Your goal: Return the records from the first line through the line containing "Je ne parlerai", and leave out the pictures.

(Excerpts from a dataset)

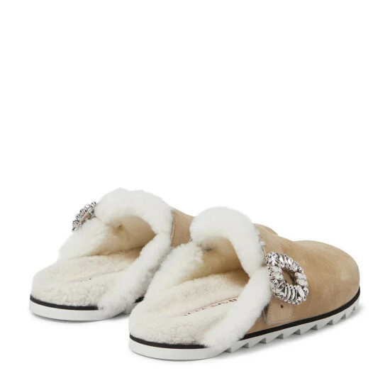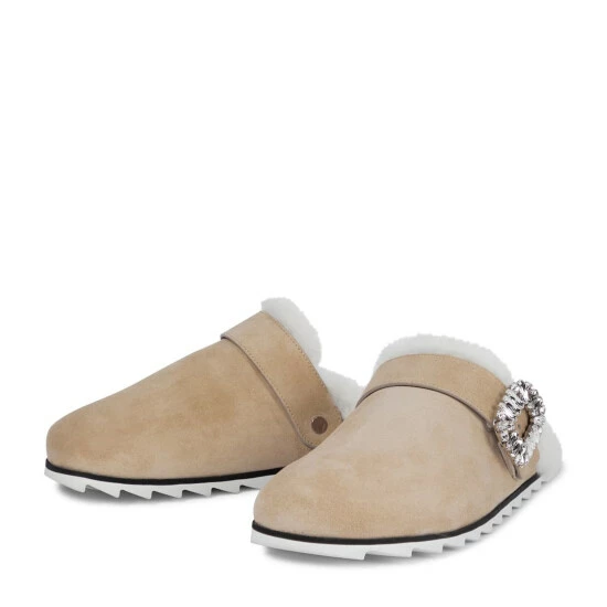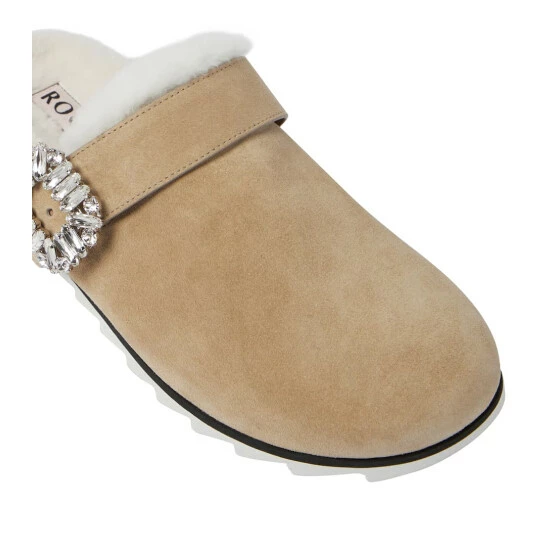 Slip your soles into the beige suede Slidy Viv’ slippers from Roger Vivier. They’re lined with tactile shearling and accented with signature Strass crystal buckles. Shark-toothed soles ensures they can be worn outdoors with ease.
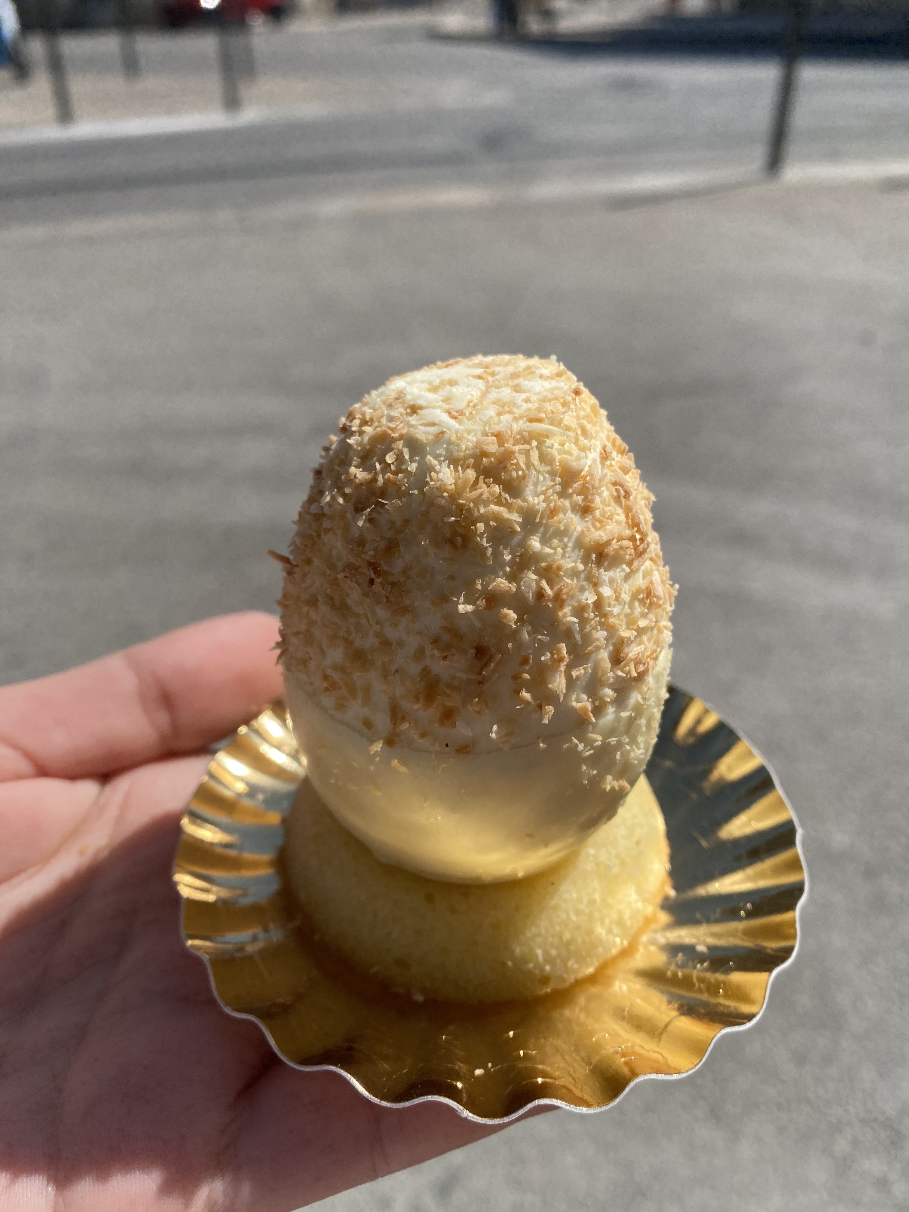 Je ne parlerai que de la pâtisserie signature a savoir L'oeuf ! Celui au citron yuzu et kiwi était très bon, accord entre le chocolat blanc pour les coques, la crème mousse aux citrons et le cœur très agréable de kiwi fruit frais. Exquis! L'accueil était très agréable. Bref ce fut un très bon moment 😋 Je n'ai pas mis 5 étoiles car il faudrait goûter d'autres pâtisseries, ce que j'espère avoir l'occasion de faire prochainement 😉
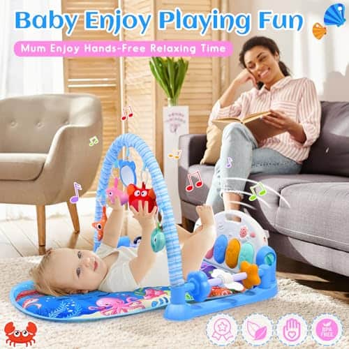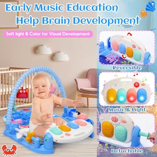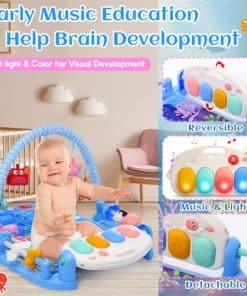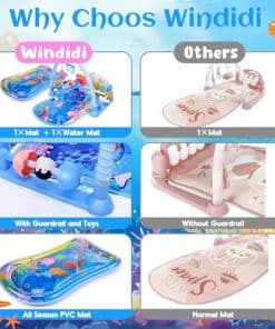 Gimnasios para bebés Alfombras de juego con Tapete de Agua para Tiempo Boca Abajo, Alfombra de Actividades para Bebés con Piano de Juego y 5 Juguetes Sensoriales para Bebés, Música y Luces Regalos para Niño y Niña Recién Nacidos 0-3 4-6 6-9 6-12 Meses. El gimnasio para bebés Windidi cuenta con un tapete de agua desmontable y un gimnasio de piano de juego, añadiendo una capa extra de diversión y comodidad. Utilice la alfombra de juego suave para el tiempo boca abajo diario o coloque la almohadilla de agua inflable para una experiencia fresca y rica en estímulos sensoriales. El tapete de agua proporciona una experiencia táctil, ayudando a su bebé a desarrollar habilidades motoras mientras se mantiene fresco y entretenido. Perfecto para el tiempo boca abajo, gatear o jugar, este gimnasio para bebés está diseñado para crecer con su bebé desde recién nacidos hasta niños pequeños. Ideal para bebés y niñas de 0 a 6 meses, un gran juguete de aprendizaje temprano para recién nacidos e infantes. El tapete de agua inflable proporciona un efecto refrescante y suave, haciendo que el tiempo boca abajo sea más agradable y previniendo molestias por el calor. Simplemente llénelo de agua para crear una superficie suave y acolchada ideal para actividades de verano para bebés. La proyección de luz de estrella única y las teclas del piano iluminadas suavemente capturan la atención de su bebé, fomentando el toque y la exploración. El gimnasio para bebés presenta un piano activado con patada con 3 modos atractivos: notas altas, notas bajas y cuatro melodías incorporadas, proporcionando una iniciación musical temprana. Diseñado para bebés, este gimnasio para bebés es respetuoso con el medio ambiente y SIN BPA , las alfombras de juego PP son suaves y lavables donde el bebé puede acostarse o jugar incluso cuando está desnudo. El proceso de montaje también es muy simple. Nuestro gimnasio para bebés y tapete de agua alardea de diversión, comodidad, versatilidad, colores ricos y formas diversas, estimulando la creatividad e imaginación en recién nacidos y bebés de 0-3 4-6 6-9 6-12 meses. Diseñado para crecer con su bebé, es un regalo pensado y encantador para baby showers, cumpleaños, Navidad y otras ocasiones especiales. ¡Una sorpresa perfecta para recién nacidos y padres por igual!
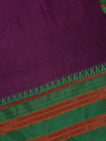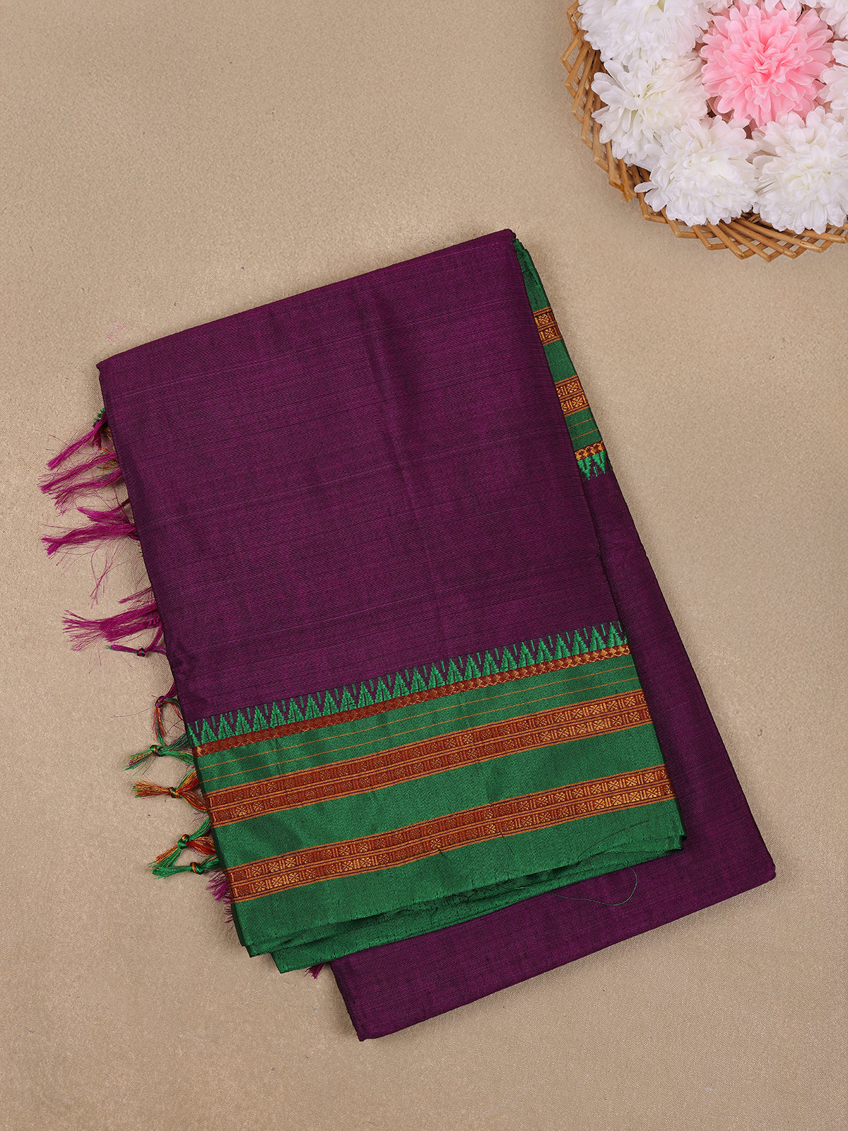 Purple Solid Design Semi Silk Cotton Saree with Contrast Green Border
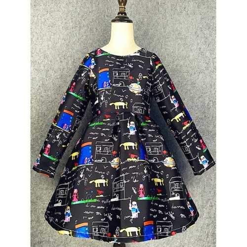 Long Sleeve Cartoon Scrawl A Line Dress - Black 120
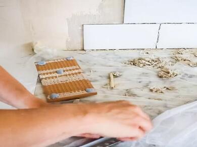 If you’re unsure of where to cut your tile trim when tiling a wall, Blu Tack® your tiles to the wall or on a table, and measure the height of the tiles so you know where to cut the trim.

Result:
 Slip your soles into the beige suede Slidy Viv’ slippers from Roger Vivier. They’re lined with tactile shearling and accented with signature Strass crystal buckles. Shark-toothed soles ensures they can be worn outdoors with ease.
 Je ne parlerai que de la pâtisserie signature a savoir L'oeuf ! Celui au citron yuzu et kiwi était très bon, accord entre le chocolat blanc pour les coques, la crème mousse aux citrons et le cœur très agréable de kiwi fruit frais. Exquis! L'accueil était très agréable. Bref ce fut un très bon moment 😋 Je n'ai pas mis 5 étoiles car il faudrait goûter d'autres pâtisseries, ce que j'espère avoir l'occasion de faire prochainement 😉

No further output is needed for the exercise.